Encana sells Jonah Field Wyoming gas assets for $1.8-billion; even with pollutants detected in water wells

Encana sells Wyoming gas assets for $1.8-billion by Bertand Marotte, March 31, 2014, The Globe and Mail
Encana Corp. is selling its natural gas assets in Wyoming’s Jonah field to an affiliate of U.S. private investment firm TPG Capital for about $1.8-billion (U.S.). The sale of one of the largest natural gas fields in the United States is part of Calgary-based Encana’s strategy to pare assets in order to focus on liquids-rich natural gas and oil, which have been selling at higher prices than those for dry gas. A deal to sell the Jonah field had reportedly been in the works, but to private equity firms Carlyle Group and NGP Energy Capital Management LLC and not TPG.

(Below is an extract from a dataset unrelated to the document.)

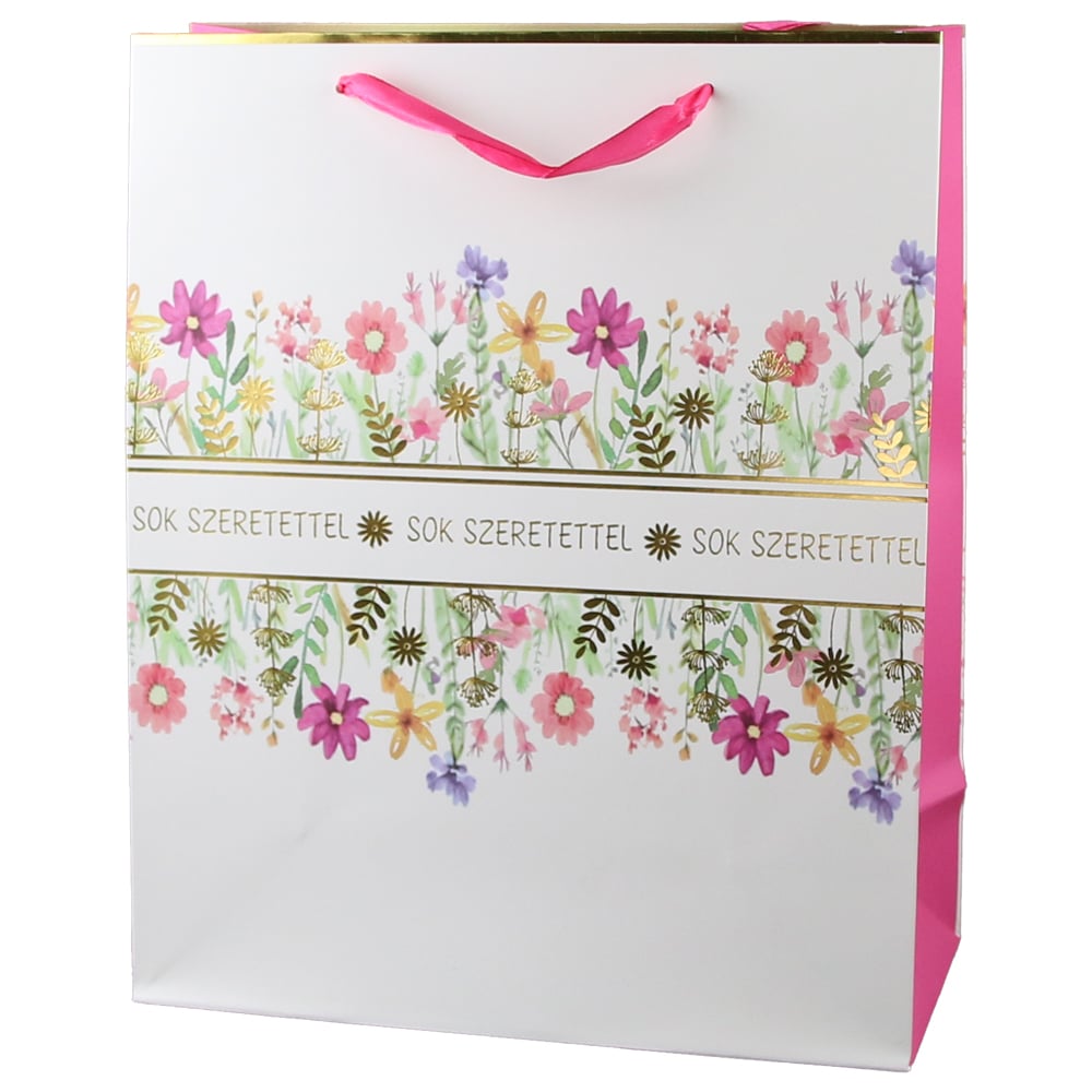 Punga cadou din hartie 26×32 cm, „Sok szeretettel”, Flori de camp

“This transaction is consistent with our strategy,” Encana president and chief executive officer Doug Suttles said on Monday. “With this divestment of Jonah, we are unlocking value from a mature, high-quality asset and allowing our teams to focus on our five core growth areas and continue with execution of our new strategy.” The Jonah field has a total productive area of about 24,000 acres. Estimated year-end 2013 proved reserves stood at about 1.5 billion cubic feet, the company says. The deal with TPG – formerly Texas Pacific Group – includes more than 100,000 undeveloped acres adjacent to Jonah known as the Normally Pressured Lance area. “The Jonah field is a world-class, low-risk resource with long reserve life and future drilling opportunities that will be a strong platform to continue to grow a portfolio of cash flow-producing assets,” said Tom Hart, CEO of the new oil and gas platform created by TPG to manage the investment.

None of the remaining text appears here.